Sri pun terdiam sesaat. Dia mulai mengingat-ingat bagaimana kejadian ritual kolor dengan dua kali permainan r*nang Karmin di rumah Mbah Samijan yang begitu berbeda.
"Sepertinya ada yang tidak beres nih?" Hati Sri mendesah lelah.
"Lapo kok bengong, Sri?" Halima memicing.
"Ah, gak. Hanya membayangkan saja, aku sudah geli." Sri terkekeh.
"Membayangkan opo?"
"Membayangkan dicabhuuuli dukun, Rek."
"Lah kamu itu ngapain membayangkan kenthu sama dukun? Kenthu sama Karmin saja lah. Lha wong Karmin selalu siap sedia melayanimu sampai kamu puas dan lelah. Hahaha." Bu RT itu malah tergelak lepas.
Sri hanya manggut-manggut pelan. Tapi di dalam hatinya mulai muncul banyak pertanyaan berdesakan.
"Mas Karmin tidak sedang mengerjaiku, kan?" gumamnya di dalam hati.
"Bagaimana kalau? Aaahhh gak gak gak. Mas Karmin tidak seperti itu!" dengusnya.

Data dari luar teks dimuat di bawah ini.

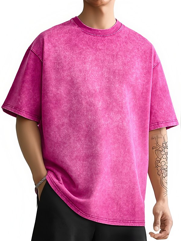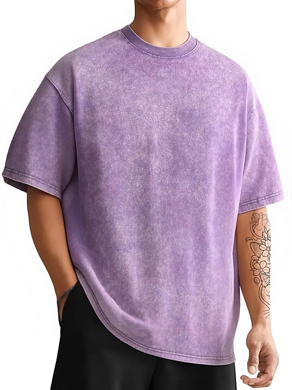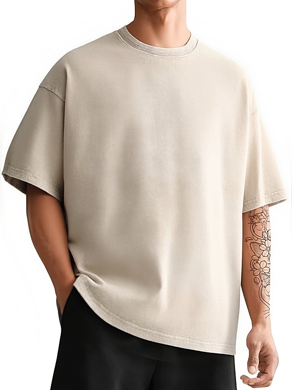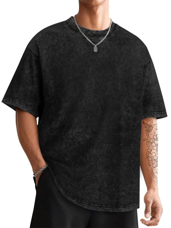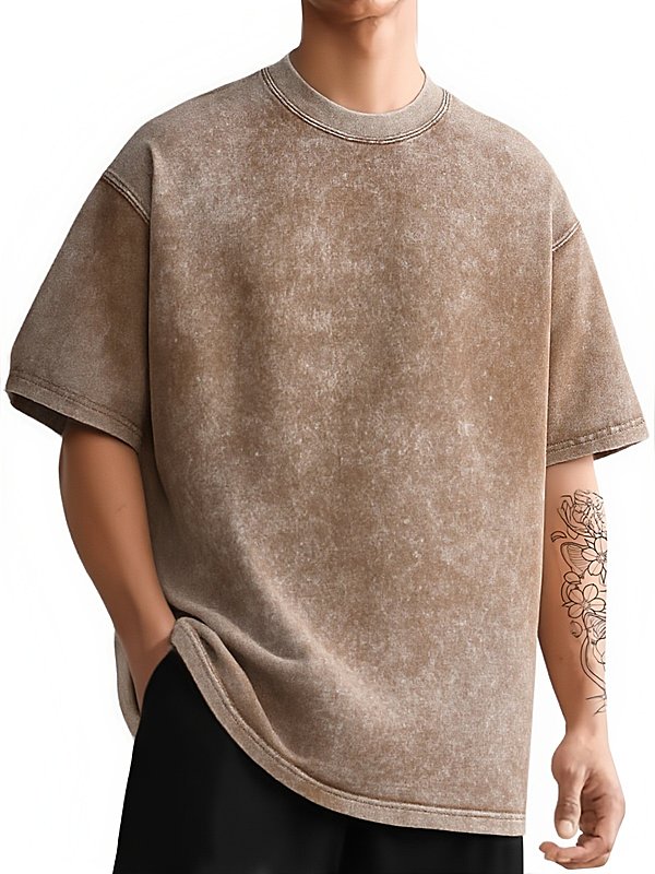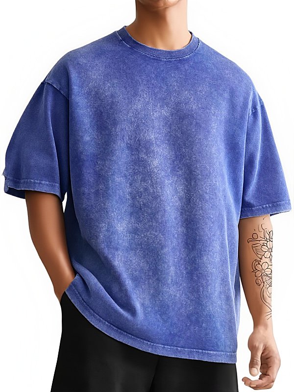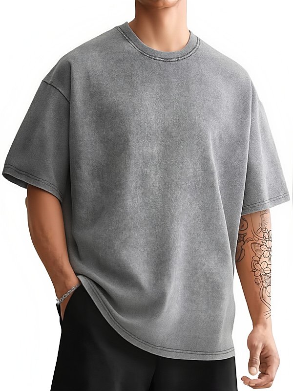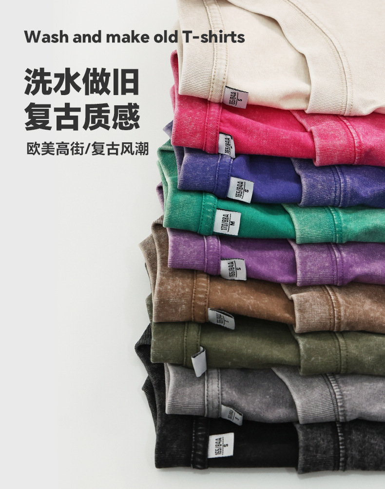 男士复古水洗落肩短袖T恤

Sri mulai berfikir kemana-mana. Dia mulai memiliki ketakutan dan kekhawatiran tersendiri.
"Bagaimana kalau selama ini ternyata ... Ah, aku ini mikir apa sih?" Lagi, Sri mencoba menenangkan hatinya dari pemikiran buruk tentang sang suami.
"Ah, Mas Karmin tidak akan berbuat curang kepadaku, kan?" Berulang kali ia masih nampak bimbang.